(3) The books already mentioned making up his library, his printed maps, two sets of twelve-inch globes, a large achromatic telescope, Wilson's microscope, and a brass sextant, a barometer, and all his thermometers were to be taken by the Governor of the Red River colony and kept in Government hands for the general good of the Selkirk colonists.

(4) Cattle, swine, and poultry, which he had purchased for one hundred pounds from John Wills, of the North-West Company, the builder of Fort Gibraltar, were to be left for the sole use of the colony, and if any of his children were to ask for a pair of the aforesaid animals or fowls their request was to be granted.

(5) To his Indian wife, Mary Fidler, he bequeathed fifteen pounds a year for life to be paid to her in goods from the Hudson's Bay Company store, to be charged against his interest account in the hands of the Company.

(6) The will required further that of all the rest of the money belonging to him, in the hands of the Hudson's Bay Company or the Bank of England, as well as the legacy left him by his Uncle Jasper Fidler and other moneys due him, the interest be divided among his children according to their needs.

(7) After the interest of Fidler's money had been divided among his children till the youngest child Peter should come of age, the testator makes the following remarkable disposal of the residue: "All my money in the funds and other personal property after the youngest child has attained twenty-one years of age, to be placed in the public funds, and the interest annually due to be added to the capital and continue so until August 16th, 1969 (I being born on that day two hundred years before), when the whole amount of the principal and interest so accumulated I will and desire to be then placed at the disposal of the next male child heir in direct descent from my son Peter Fidler" or to the next-of-kin. He leaves his "Copyhold land and new house situated in the town of Bolsover, in the county of Derby," after the death of Mary Fidler, the mother of the testator, to be given to his youngest son, Peter Fidler.

This will was dated on August 16th, 1821, and Fidler died in the following year. The executors nominated were the Governor of the Hudson's Bay Company, the Governor of the Selkirk settlement, and the secretary of the Hudson's Bay Company.

Some time after the death of this peculiar man, John Henry Pelly, Governor-in-Chief of the Hudson's Bay Company, Donald McKenzie, Governor of the Selkirk settlement, and William Smith, Secretary of the Hudson's Bay Company, renounced the probate and execution of the will, and in October, 1827, "Thomas Fidler," his natural and lawful son, was appointed by the court to administer the will.

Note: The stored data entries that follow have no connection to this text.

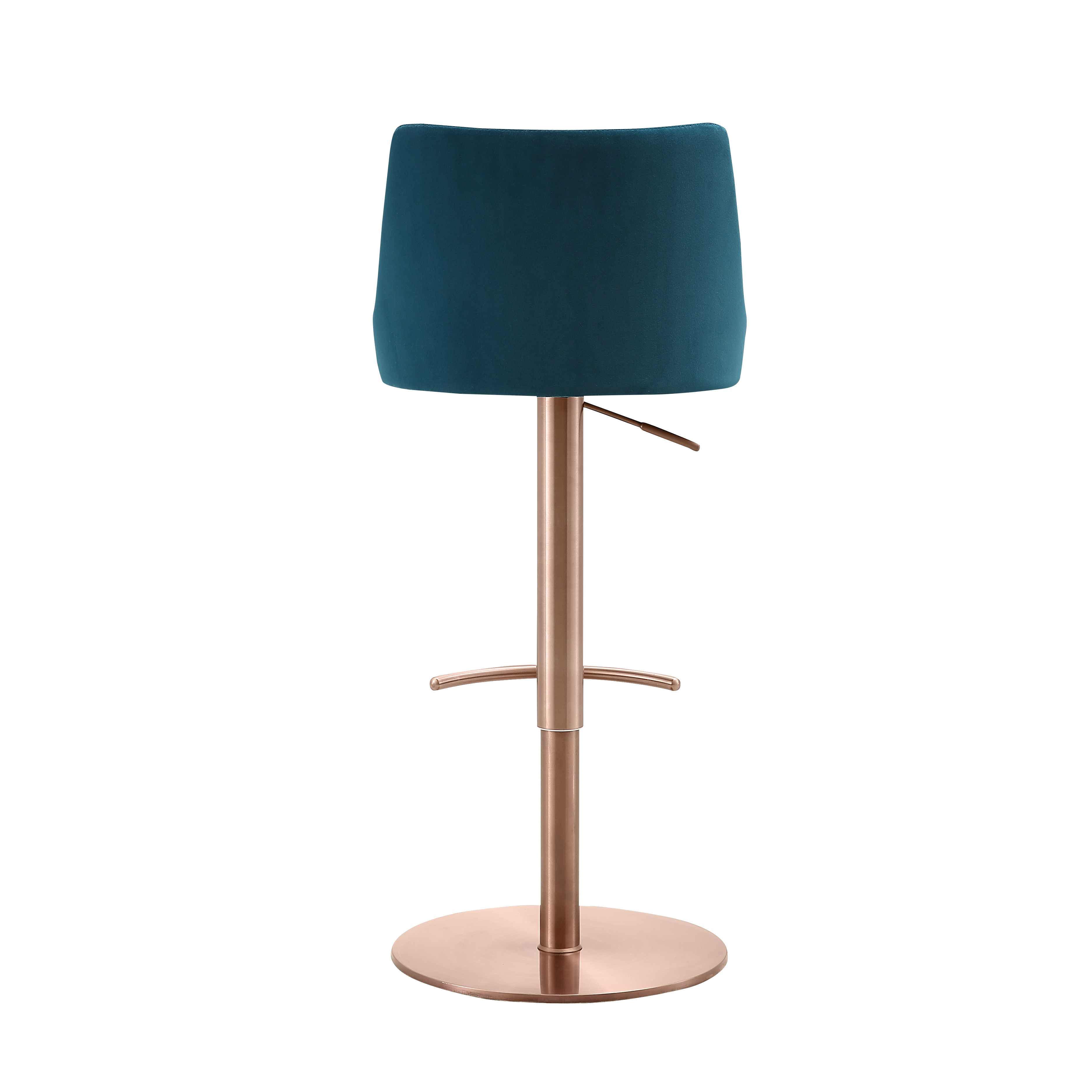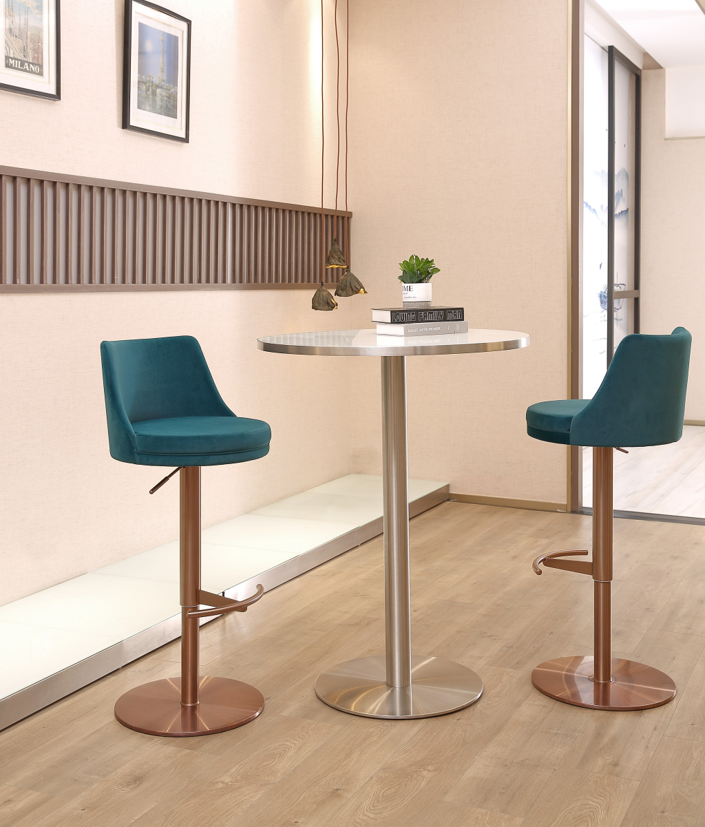 Bring a trendy bar vibe to your space, with this blue and rose gold velvet and steel low back adjustable height swivel bar chair. Quality construction from rose gold stainless steel combines with blue velvet to give this stool a fresh and updated look. The round shape of the seat combines with a low back to give this chair a comfortable and fashionable look. 41.00-inch h x 17.00-inch w x 18.00-inch d.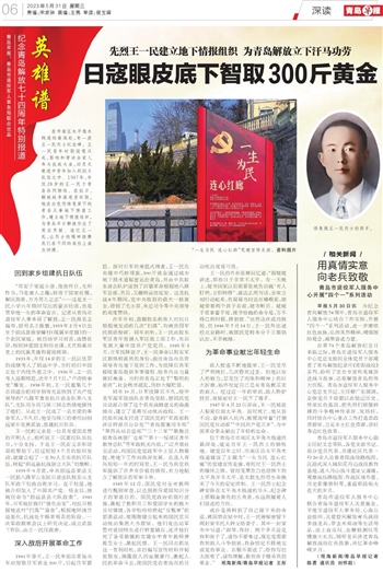 1941年春天,王一民率部在青岛火车站智取日军黄金300斤,引起日军震怒。面对日军的地毯式搜查,王一民在夹缝中巧妙周旋,300斤黄金通过城市地下排水道秘密运出青岛,并由中共胶东游击队护送到了沂蒙革命根据地八路军总部,其后,又辗转运往延安。这是抗战8年期间,党中央收到的最大一批黄金,得到了毛主席、朱总司令等中央领导的高度赞扬。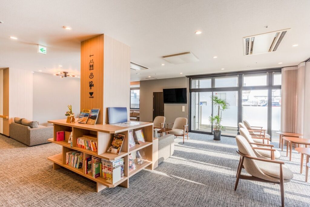 1階のロビーエリアは仕切りをなくしたことで開放感あふれるロビーになり、広々とした空間でゆったりとお過ごしいただけます。受付もロビーも一つの空間になり、利用者さんも職員もコミュニケーションがより取りやすい環境になります。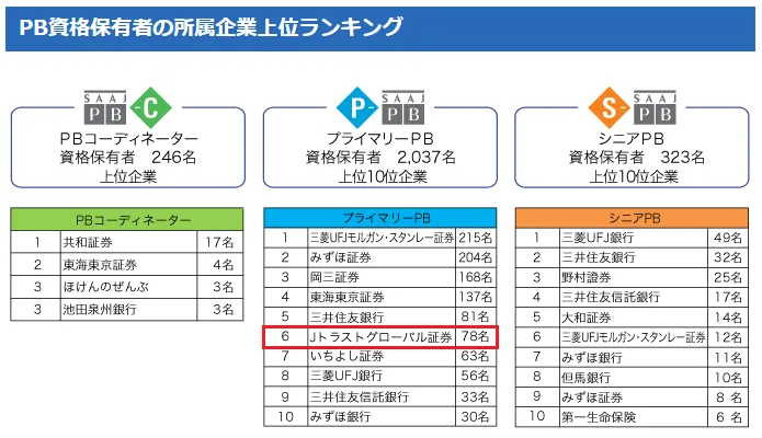 - - シニアPB: プライベートバンカーの最上級資格で、金融機関において管理職として活躍することが期待されています。

A considerable amount of interest in this will has been shown by the descendants of Peter Fidler, a number of whom still live in the province of Manitoba, on the banks of the Red and Assiniboine Rivers. Lawyers have from time to time been appointed to seek out the residue, which, under the will, ought to be in process of accumulation till 1969, but no trace of it can be found in Hudson's Bay Company or Bank of England accounts, though diligent search has been made.

STUBBORN JOHN MCLEOD.

John McLeod has already figured in our story. Coming out with Lord Selkirk's first party from the Island of Lewis, as one of the "twelve or thirteen young gentleman clerks," he, as we have seen, gave a good account of himself in the "imminent and deadly breach," when he defended the Hudson's Bay Company encampment at the Forks against the fierce Nor'-Westers. His journal account of that struggle we found to be well told, even exciting. It further gives a picture of the fur trader's life, as seen with British eyes and by one of Hudson's Bay Company sympathies.